Teaching India with Popular Feature Films: A Guide for High School and College Teachers

By Parameswaran, Gowri | Multicultural Education, Winter 2010 | Go to article overview

Teaching India with Popular Feature Films: A Guide for High School and College Teachers


Parameswaran, Gowri, Multicultural Education


Introduction

Popular films tell us a lot about the culture where they are seen and enjoyed even though they may not reflect "reality" in the way that academics may want to portray a country. Popular films get at the deepest longings and fears of their viewership and their biggest hopes for the future. Teaching India through popular films is particularly important because that country is the largest producer of films in the world and claims some of the largest markets for films.

This article lists and describes some popular feature films that teachers can use to talk about India and their general themes. All of the films are quite appropriate for a high school or higher education audience, and all but one of them been made in India by Indian directors.

A Short Introduction to India

India is the second most populous country on earth and is the world's largest democracy. Its written history spans many thousands of years from the Indus Valley Civilization, of which the earliest evidence dates back 9,000 years. All of the world's major religions are represented in India, with Hinduism being the most prominent. The other significant organized religions include Islam, Christianity, Buddhism, Jainism, Zoroastrianism, and Sikhism.

The various dynasties that have ruled large regions in India include the Mauryas and the Guptas in the north and the Chalukyas, Cholas, and the Vijaynagar empires in the south.

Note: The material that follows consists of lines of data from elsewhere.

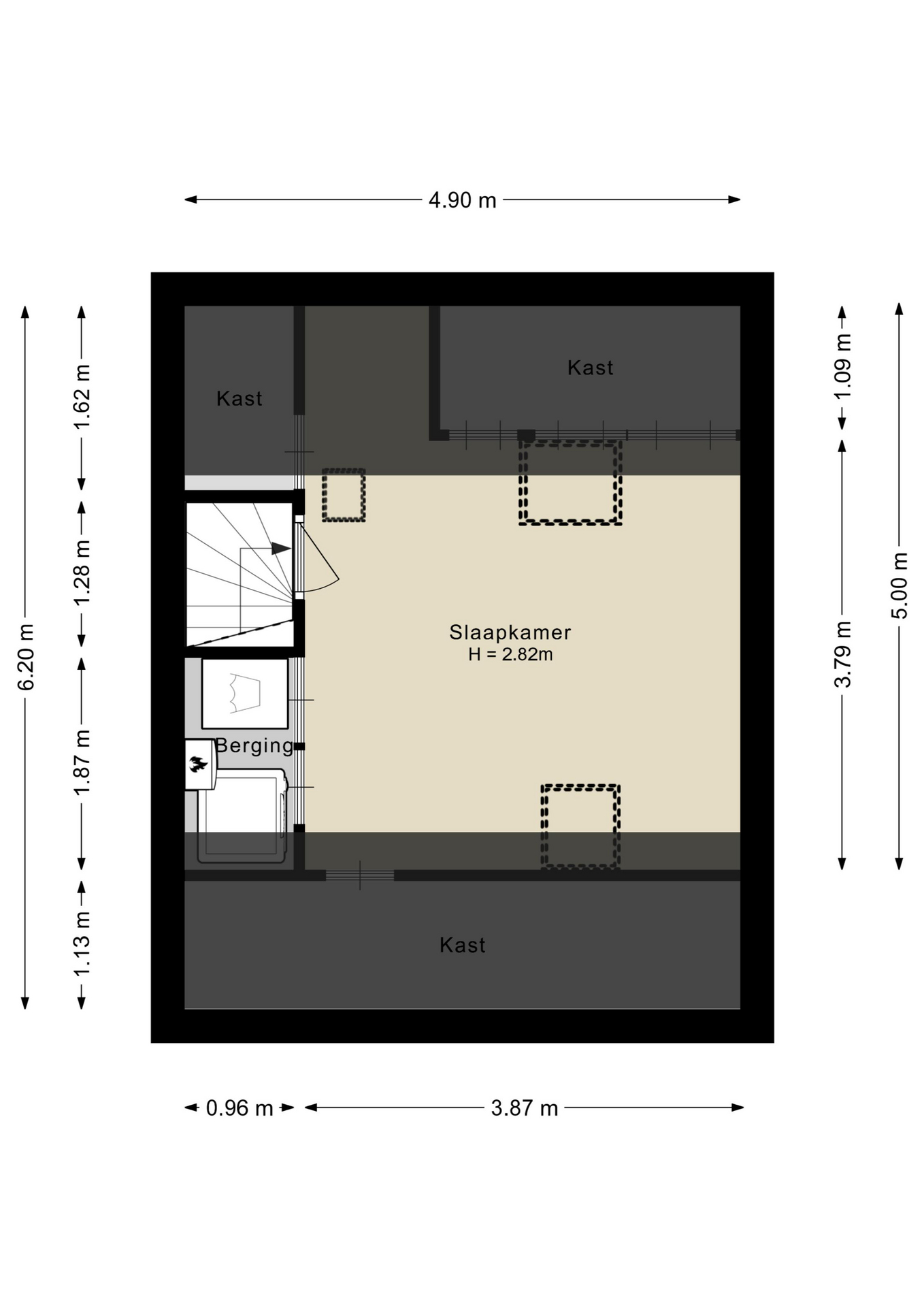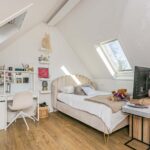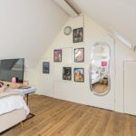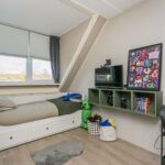 Via de vaste trap met toegangsdeur is de zeer ruime zolderkamer te bereiken. Deze strak afgewerkte slaapkamer is heerlijk licht door de 3 Velux-dakramen en voorzien van een laminaatvloer en glasvliesbehang. Daarnaast zijn er diverse vaste kasten waarin de CV-opstelling, wasmachine- en drogeraansluiting en omvormer van de zonnepanelen keurig zijn weggewerkt en er tevens voldoende bergruimte is.
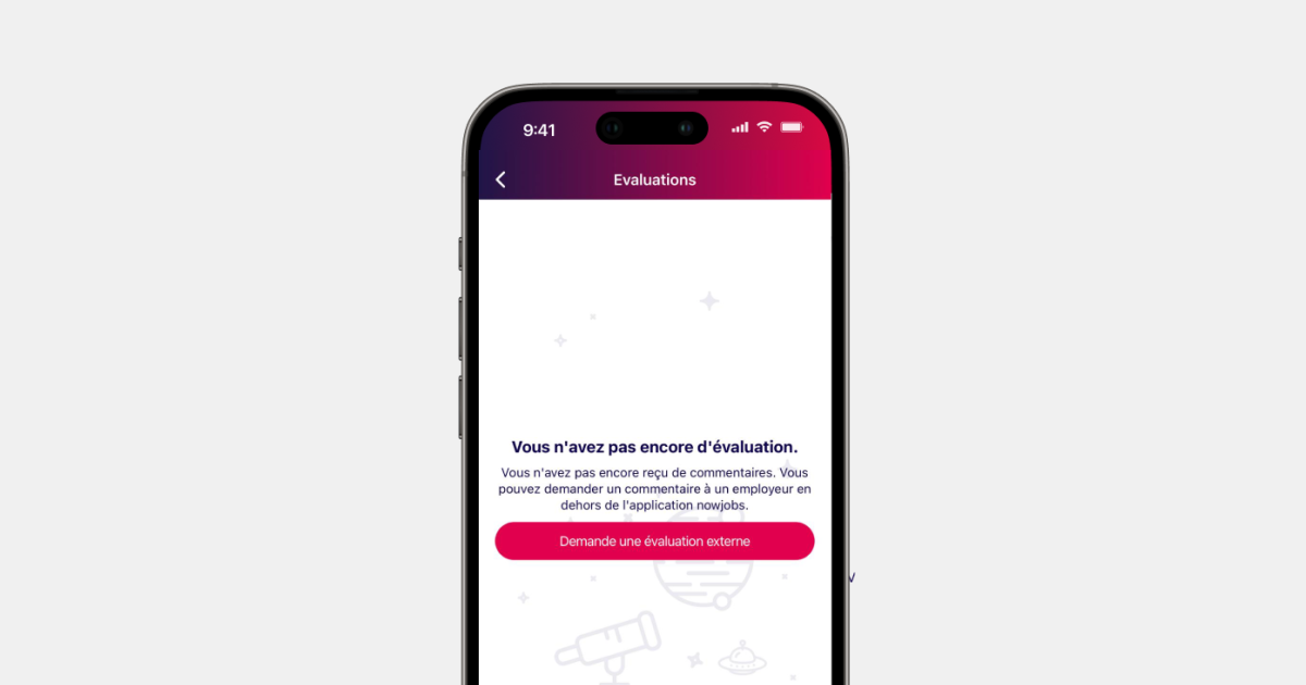 Mais que faire si vous êtes nouveau sur NOWJOBS ou si vous n'avez pas encore reçu d'avis ? Nous vous entendons déjà penser : "N'ai-je pas moins de chances d'être choisi ? Pas d'inquiétude, désormais nous avons une solution pour cela ! Vous pouvez demander une évaluation externe à vos anciens employeurs en quelques clics via l'application.
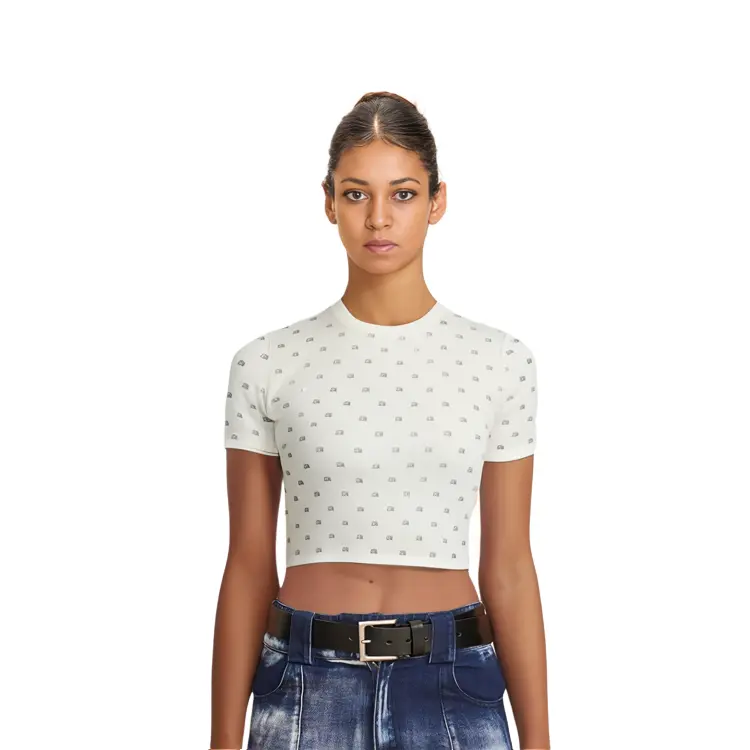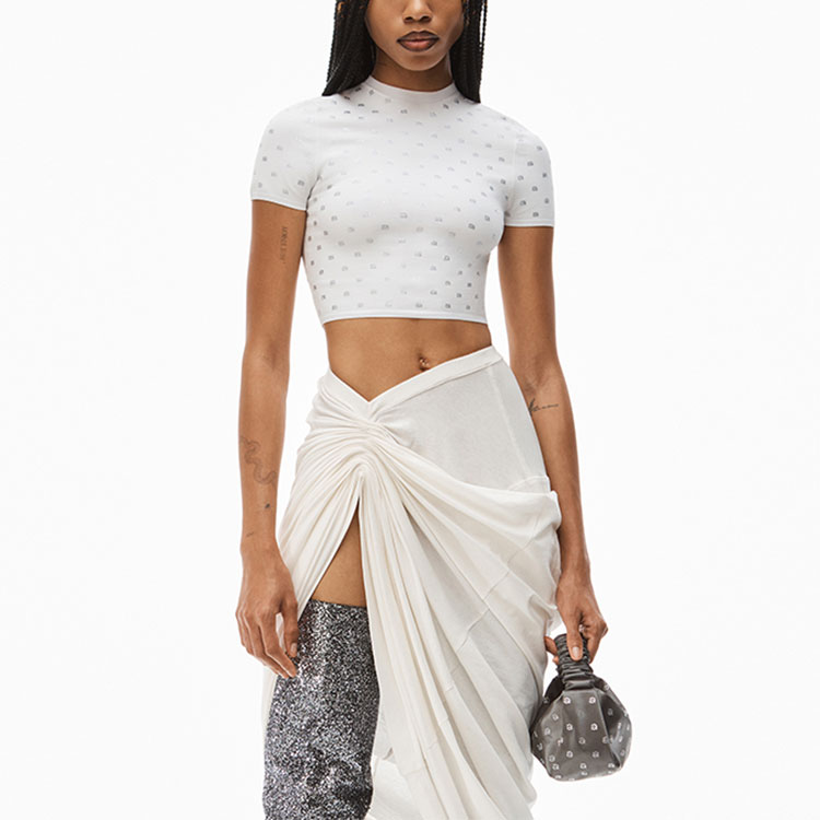Кроп-топ с кристальным логотипом Alexander Wang, белый

Later, the Mughal rulers from central Asia conquered much of India, followed by the British Empire. From the middle of the 1800s, Indians organized to fight for their independence and they finally succeeded in 1947.

Before the British left, they divided the sub-continent into two nations, acceding to some Muslim demands for their own country by creating Pakistan. Since its independence India has burgeoned into the second most populous country and the largest democracy on earth.

Cultural Information

India is an extremely diverse country with a high degree of cultural continuity as well as syncretism. The Indian constitution recognizes 22 Indian languages and there are over 1600 dialects spoken by people in India. Hindi is spoken by a larger proportion of the population than the other languages, while Sanskrit, Tamil, Kannada, and Telugu are all considered classical languages.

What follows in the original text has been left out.